Why A Duck? Aflac Uses Smart Marketing

The Marx Brothers would probably approve.

In the year 2000 the Aflac insurance company decided to make themselves more visible to the world, and to differentiate themselves in the sea of competition. After all, insurance companies are pretty much all alike, aren’t they?
And they’re pretty boring, when you think about it, even though the subject matter is important. In fact, there’s a joke here in my house, all about insurance. My husband Bill, a personal-injury attorney, knows all about insurance, because he used to be the media spokesperson for the Insurance Information Institute. He knows about insurance from A to Z, and it’s quite impressive.

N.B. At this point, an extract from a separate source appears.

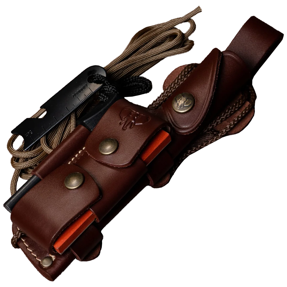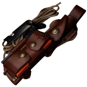 - Includes brown leather multiposition sheath with full leather adapter (644-C) and survival kit: sharpening stone, signal mirror, sundial, ferrocerium striker and 2.80 m brown paracord; sheath approx. 260 g.
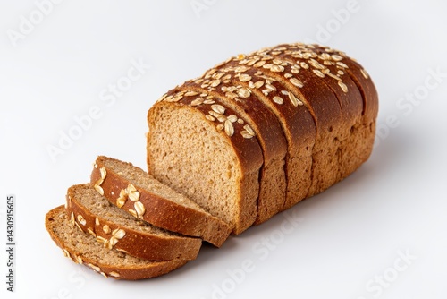 Gluten free homemade food isolated. Homemade Gluten-Free Almond Bread Loaf with Oats Slices

The subject of insurance, however, tends to be a snore. So when I can’t get to sleep, I will frequently chuckle and beg Bill, “Please tell me about insurance.” Before you know it, the subject puts me in deep slumber.

So, insurance companies have their work cut out for them, as they try to make themselves stand out. Some companies have been very creative and very successful. You’ve got Flo, the Progressive Insurance girl, who is extraordinarily popular and even has her own Flo Facebook page, along with bobble-headed Flo dolls and T-shirts. And of course, there’s Geico Auto Insurance and the British-speaking gecko who is also highly recognizeable.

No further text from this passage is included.